[SAOC 2023] dfmt rewrite - Weekly update #1
deadalnix
deadalnix at gmail.com
Sun Sep 24 21:11:34 UTC 2023
On Friday, 22 September 2023 at 07:12:02 UTC, Prajwal S N wrote:
> Hi everyone,
>
> For SAOC 2023, I'm working on refactoring
> [dfmt](https://github.com/dlang-community/dfmt) to use the AST
> from DMD-as-a-library instead of libdparse.
>
> The past week has been very interesting. I got up to speed with
> the dfmt codebase, and managed to do a 1-to-1 port of the lexer
> dependency from libdparse to DMD-as-a-library. Most parts were
> pretty straightforward, and the bulk of the work was replacing
> every `tok!"<token>"` instance with `TOK.<token>` and making
> sure the token coming from DMD was the same as what was
> previously being used. So far so good!
>
> You can see the draft PR tracking the work
> [here](https://github.com/dlang-community/dfmt/pull/589).
>
> Going forward, my mentor and I have decided that it would be
> impractical to try and replace the parser directly, for
> multiple reasons:
>
> - It's a lot of work to replace the parser and use the DMD AST
> instead of libdparse's, and all of this work will happen
> without a working version of dfmt.
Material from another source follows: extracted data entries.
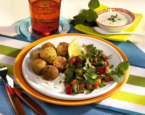Bake in hot frying fat in portions for 4-5 minutes until golden brown. Drain on kitchen paper. Serve the falafel with the salad and yoghurt mint dip. Serve garnished with mint and lemon.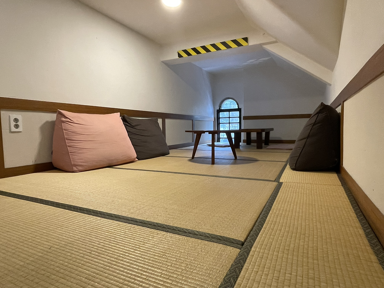 가파르고 좁은 계단을 따라 3개 층으로 구성된 카페 공간은 층마다 특유의 멋을 뿜어내고 있었다. 맨 위층이 이 적산가옥의 특징을 가장 잘 나타내는 다딤이방이었지만.. 우리는 6명이 독서토론할 수 있는 독립된 공간을 찾아 맨 아래층의 별실에 자리 잡았다. 이곳은 타일바닥으로 이전에 현관 마당이었을 것으로 짐작되는 곳이다.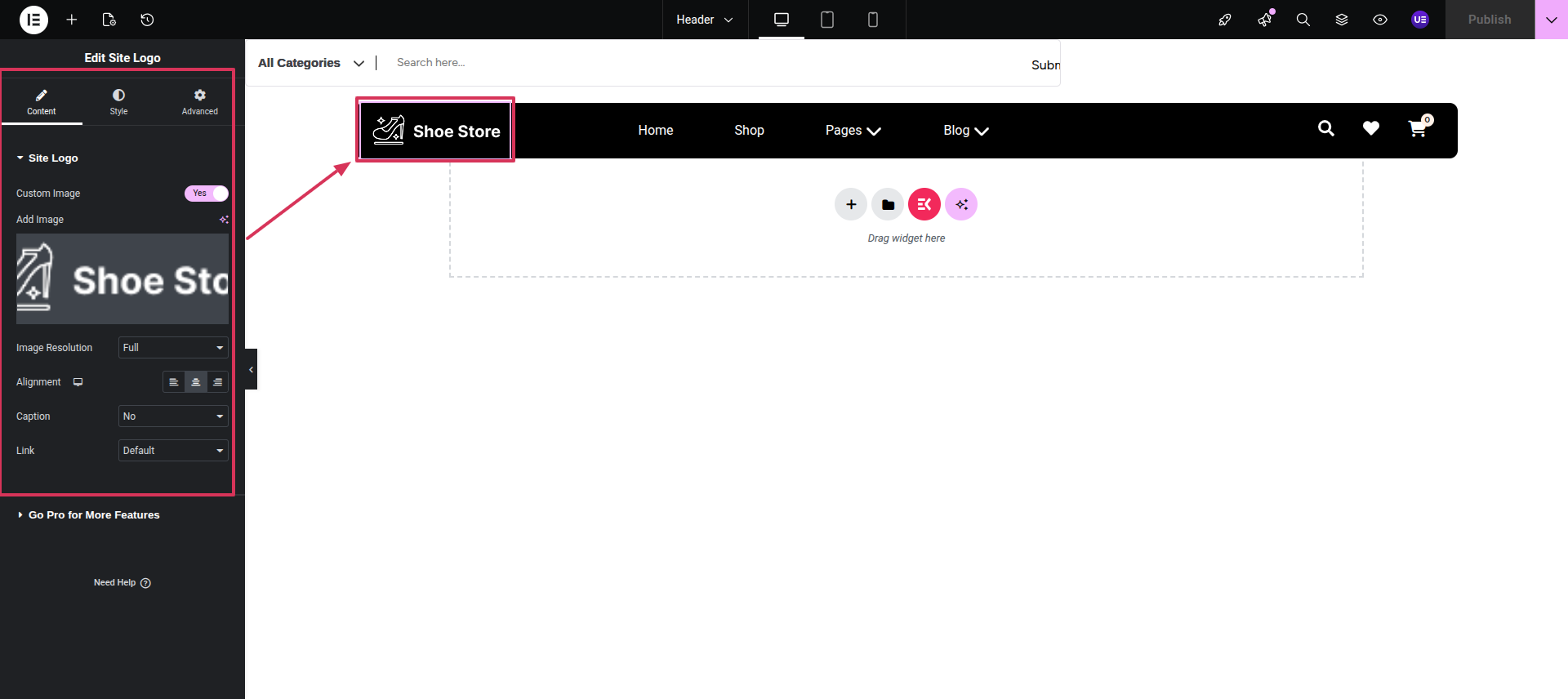 Initial Progress while hitting "Dashboard" Discover "Elements-Kit" Move forward "Edit with elementor" select image/site identity widget" and then "Publish" .

If, at the end of this, dfmt
> is broken or refuses to compile, it could very well mean that
> all that effort went down the drain.
> - Doing a brute force replacement of the parser will prevent us
> from testing the transformation passes in dfmt individually,
> and also brings us back to the point above.
>
> Hence, we've decided to do an incremental rewrite of the files
> that use the parser, initially with no passes (just to ensure
> the AST is being built in the first place), and then adding
> each pass along with relevant unit tests.
I don't want to sound alarming or anything, but an AST is not
really what you want to work with as a formatter.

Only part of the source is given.